Work required: The output is the lines below from the one with "This IA was" through the one with "为提高新生专业教育的效果和质", both included, printed exactly and with no other line.

Data extracted from a collection:
---
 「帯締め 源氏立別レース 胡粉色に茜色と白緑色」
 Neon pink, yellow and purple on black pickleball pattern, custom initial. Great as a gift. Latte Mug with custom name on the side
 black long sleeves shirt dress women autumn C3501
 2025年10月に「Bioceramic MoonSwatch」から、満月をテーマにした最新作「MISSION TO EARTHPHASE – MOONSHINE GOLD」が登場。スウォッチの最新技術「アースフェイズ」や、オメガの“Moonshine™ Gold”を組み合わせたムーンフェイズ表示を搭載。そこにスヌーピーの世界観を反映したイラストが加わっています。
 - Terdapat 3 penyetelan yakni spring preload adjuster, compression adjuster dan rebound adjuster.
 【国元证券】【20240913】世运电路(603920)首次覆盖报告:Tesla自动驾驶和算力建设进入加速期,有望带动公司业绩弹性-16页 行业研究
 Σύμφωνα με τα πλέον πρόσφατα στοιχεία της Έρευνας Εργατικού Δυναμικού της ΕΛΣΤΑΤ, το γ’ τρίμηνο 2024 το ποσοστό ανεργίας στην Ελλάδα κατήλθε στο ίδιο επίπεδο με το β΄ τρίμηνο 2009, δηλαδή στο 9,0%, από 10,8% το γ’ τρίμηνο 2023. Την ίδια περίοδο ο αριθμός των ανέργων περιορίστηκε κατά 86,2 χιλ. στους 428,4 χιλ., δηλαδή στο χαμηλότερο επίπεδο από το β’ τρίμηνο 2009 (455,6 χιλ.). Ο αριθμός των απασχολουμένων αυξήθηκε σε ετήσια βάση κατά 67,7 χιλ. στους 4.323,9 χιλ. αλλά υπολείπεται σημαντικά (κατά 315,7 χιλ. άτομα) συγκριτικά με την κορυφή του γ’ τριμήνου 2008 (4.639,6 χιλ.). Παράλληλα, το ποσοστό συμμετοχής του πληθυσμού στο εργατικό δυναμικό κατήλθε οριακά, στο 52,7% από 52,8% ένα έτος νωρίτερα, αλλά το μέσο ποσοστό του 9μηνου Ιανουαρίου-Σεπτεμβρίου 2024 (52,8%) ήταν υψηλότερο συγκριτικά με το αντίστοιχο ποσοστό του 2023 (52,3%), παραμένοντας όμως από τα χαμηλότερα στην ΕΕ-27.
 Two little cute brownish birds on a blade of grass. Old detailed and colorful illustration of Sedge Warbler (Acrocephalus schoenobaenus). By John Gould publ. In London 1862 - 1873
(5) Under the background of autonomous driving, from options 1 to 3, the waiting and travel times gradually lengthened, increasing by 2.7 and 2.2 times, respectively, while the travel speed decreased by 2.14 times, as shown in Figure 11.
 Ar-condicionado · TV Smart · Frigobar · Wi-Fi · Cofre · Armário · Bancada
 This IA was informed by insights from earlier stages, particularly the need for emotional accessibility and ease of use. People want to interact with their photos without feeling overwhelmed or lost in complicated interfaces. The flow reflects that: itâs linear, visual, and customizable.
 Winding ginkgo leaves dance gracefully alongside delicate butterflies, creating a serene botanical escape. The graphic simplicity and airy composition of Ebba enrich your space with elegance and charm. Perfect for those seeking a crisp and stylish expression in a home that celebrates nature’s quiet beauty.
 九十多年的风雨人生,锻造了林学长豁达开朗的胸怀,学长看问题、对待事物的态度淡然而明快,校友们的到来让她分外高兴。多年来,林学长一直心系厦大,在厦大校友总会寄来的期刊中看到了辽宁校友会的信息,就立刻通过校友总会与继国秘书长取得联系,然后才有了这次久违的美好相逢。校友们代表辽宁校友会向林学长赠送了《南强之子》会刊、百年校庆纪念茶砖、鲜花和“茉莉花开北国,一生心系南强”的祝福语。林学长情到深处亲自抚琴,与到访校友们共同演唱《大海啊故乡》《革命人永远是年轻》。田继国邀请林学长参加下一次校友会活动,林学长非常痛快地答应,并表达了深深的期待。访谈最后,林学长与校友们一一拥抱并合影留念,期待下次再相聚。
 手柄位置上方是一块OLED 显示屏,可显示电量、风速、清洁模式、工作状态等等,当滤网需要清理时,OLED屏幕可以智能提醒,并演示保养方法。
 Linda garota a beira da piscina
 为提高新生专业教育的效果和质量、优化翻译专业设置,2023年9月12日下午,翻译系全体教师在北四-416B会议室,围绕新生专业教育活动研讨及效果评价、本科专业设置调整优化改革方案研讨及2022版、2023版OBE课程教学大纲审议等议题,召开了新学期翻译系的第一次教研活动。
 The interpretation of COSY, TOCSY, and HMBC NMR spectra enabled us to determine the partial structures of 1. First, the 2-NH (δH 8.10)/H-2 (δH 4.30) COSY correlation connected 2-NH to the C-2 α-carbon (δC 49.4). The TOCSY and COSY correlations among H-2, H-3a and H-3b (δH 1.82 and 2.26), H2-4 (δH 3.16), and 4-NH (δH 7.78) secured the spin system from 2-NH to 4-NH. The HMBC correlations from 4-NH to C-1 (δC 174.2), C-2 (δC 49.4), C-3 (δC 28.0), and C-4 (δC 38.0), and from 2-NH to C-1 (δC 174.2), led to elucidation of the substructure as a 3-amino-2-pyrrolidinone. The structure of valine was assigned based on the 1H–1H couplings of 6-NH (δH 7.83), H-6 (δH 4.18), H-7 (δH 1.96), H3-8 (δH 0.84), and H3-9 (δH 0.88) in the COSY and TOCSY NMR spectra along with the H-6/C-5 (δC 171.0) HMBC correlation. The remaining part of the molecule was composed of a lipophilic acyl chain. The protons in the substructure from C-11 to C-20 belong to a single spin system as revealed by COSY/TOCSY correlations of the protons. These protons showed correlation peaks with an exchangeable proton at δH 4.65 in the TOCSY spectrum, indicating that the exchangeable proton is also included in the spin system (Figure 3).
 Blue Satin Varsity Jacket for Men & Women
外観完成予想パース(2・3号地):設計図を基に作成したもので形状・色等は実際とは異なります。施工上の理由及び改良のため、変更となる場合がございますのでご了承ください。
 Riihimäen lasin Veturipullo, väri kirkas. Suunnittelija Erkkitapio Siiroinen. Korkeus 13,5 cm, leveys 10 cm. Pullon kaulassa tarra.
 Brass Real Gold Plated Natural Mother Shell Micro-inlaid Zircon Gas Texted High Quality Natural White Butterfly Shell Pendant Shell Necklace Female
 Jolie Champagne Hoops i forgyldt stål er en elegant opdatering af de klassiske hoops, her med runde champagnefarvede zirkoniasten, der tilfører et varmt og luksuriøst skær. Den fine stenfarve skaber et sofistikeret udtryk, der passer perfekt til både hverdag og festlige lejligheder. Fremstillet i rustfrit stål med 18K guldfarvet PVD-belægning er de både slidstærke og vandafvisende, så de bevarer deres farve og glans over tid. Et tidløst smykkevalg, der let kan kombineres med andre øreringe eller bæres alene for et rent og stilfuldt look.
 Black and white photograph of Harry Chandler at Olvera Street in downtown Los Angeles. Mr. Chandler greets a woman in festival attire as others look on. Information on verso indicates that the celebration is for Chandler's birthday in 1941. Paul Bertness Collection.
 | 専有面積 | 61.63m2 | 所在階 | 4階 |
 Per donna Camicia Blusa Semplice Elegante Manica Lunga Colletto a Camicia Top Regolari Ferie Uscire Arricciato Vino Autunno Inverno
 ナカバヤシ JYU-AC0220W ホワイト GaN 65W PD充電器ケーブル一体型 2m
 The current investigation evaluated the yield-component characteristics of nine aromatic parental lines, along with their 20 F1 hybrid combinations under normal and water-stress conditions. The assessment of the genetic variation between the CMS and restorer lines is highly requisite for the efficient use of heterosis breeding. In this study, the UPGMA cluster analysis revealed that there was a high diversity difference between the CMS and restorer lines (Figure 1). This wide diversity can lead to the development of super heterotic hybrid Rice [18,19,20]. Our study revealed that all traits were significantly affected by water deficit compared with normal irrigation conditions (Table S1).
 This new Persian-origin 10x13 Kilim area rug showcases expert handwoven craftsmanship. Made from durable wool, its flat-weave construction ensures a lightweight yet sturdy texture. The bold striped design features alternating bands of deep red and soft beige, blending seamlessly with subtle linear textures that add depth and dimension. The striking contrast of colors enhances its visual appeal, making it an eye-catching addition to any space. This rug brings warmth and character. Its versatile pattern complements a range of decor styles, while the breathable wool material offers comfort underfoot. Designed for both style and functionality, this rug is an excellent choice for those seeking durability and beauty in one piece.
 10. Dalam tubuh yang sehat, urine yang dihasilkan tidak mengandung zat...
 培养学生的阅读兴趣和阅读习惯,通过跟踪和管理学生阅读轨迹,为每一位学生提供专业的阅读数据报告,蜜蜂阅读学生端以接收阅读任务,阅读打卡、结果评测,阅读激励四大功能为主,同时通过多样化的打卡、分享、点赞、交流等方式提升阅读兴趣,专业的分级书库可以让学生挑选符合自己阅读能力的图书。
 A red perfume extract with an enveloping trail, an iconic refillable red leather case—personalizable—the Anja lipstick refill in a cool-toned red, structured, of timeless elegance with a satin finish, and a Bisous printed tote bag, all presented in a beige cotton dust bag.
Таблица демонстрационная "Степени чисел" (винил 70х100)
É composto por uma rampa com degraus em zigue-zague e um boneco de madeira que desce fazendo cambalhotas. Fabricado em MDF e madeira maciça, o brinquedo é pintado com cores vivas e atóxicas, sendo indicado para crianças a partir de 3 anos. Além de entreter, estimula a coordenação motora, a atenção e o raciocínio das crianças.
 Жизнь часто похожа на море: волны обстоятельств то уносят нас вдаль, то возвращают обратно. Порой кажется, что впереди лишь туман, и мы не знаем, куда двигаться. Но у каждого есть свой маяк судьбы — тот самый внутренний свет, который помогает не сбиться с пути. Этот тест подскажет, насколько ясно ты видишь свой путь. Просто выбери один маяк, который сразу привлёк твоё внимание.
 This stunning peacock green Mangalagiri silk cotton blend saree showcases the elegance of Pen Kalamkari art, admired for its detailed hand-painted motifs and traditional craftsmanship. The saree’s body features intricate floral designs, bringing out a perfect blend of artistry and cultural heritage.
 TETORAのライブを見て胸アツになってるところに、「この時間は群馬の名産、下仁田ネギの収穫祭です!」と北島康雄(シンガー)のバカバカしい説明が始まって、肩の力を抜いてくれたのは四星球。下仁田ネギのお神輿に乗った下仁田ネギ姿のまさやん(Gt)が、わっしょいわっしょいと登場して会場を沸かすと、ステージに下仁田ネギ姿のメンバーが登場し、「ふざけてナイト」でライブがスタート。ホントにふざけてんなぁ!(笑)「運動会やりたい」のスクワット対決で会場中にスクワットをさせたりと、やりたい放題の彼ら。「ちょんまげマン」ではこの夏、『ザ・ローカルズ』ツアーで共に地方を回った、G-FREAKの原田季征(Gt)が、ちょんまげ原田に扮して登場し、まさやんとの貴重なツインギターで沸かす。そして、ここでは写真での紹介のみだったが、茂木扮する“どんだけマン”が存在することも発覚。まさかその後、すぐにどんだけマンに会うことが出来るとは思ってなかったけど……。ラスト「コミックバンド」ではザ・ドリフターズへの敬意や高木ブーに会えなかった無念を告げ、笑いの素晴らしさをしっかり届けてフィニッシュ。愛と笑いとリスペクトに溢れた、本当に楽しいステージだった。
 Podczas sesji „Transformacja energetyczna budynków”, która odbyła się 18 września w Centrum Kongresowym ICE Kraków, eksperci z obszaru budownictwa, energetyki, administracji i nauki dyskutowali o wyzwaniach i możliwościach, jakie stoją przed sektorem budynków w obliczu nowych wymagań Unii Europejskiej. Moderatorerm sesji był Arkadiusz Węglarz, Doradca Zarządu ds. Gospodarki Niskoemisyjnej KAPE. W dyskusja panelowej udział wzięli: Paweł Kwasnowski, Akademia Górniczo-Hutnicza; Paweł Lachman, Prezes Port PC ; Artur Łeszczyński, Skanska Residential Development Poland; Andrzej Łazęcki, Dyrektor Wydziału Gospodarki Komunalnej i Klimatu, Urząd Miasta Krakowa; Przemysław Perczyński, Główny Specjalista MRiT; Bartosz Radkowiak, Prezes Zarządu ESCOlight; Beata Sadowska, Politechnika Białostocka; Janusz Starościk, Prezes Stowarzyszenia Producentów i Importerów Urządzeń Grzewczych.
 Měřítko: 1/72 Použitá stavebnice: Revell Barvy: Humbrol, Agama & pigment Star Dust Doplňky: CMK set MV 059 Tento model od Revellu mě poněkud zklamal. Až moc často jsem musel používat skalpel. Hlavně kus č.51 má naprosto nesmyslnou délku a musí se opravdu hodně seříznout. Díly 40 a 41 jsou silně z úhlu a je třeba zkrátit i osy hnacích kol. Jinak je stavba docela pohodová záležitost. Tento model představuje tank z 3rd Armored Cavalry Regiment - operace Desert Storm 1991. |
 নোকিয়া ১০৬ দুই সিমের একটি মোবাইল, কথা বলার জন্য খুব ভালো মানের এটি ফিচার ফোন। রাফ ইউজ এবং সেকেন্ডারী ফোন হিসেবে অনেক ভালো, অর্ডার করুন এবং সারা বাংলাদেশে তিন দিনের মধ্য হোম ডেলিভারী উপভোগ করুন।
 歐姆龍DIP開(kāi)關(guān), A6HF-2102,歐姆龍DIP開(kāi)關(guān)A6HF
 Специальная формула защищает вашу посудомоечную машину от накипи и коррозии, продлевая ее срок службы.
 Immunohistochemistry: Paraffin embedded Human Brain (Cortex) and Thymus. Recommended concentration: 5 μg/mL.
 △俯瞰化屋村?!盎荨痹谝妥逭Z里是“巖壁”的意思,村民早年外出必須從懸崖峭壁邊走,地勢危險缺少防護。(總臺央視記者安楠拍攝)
---
The completed task:
 This IA was informed by insights from earlier stages, particularly the need for emotional accessibility and ease of use. People want to interact with their photos without feeling overwhelmed or lost in complicated interfaces. The flow reflects that: itâs linear, visual, and customizable.
 Winding ginkgo leaves dance gracefully alongside delicate butterflies, creating a serene botanical escape. The graphic simplicity and airy composition of Ebba enrich your space with elegance and charm. Perfect for those seeking a crisp and stylish expression in a home that celebrates nature’s quiet beauty.
 九十多年的风雨人生,锻造了林学长豁达开朗的胸怀,学长看问题、对待事物的态度淡然而明快,校友们的到来让她分外高兴。多年来,林学长一直心系厦大,在厦大校友总会寄来的期刊中看到了辽宁校友会的信息,就立刻通过校友总会与继国秘书长取得联系,然后才有了这次久违的美好相逢。校友们代表辽宁校友会向林学长赠送了《南强之子》会刊、百年校庆纪念茶砖、鲜花和“茉莉花开北国,一生心系南强”的祝福语。林学长情到深处亲自抚琴,与到访校友们共同演唱《大海啊故乡》《革命人永远是年轻》。田继国邀请林学长参加下一次校友会活动,林学长非常痛快地答应,并表达了深深的期待。访谈最后,林学长与校友们一一拥抱并合影留念,期待下次再相聚。
 手柄位置上方是一块OLED 显示屏,可显示电量、风速、清洁模式、工作状态等等,当滤网需要清理时,OLED屏幕可以智能提醒,并演示保养方法。
 Linda garota a beira da piscina
 为提高新生专业教育的效果和质量、优化翻译专业设置,2023年9月12日下午,翻译系全体教师在北四-416B会议室,围绕新生专业教育活动研讨及效果评价、本科专业设置调整优化改革方案研讨及2022版、2023版OBE课程教学大纲审议等议题,召开了新学期翻译系的第一次教研活动。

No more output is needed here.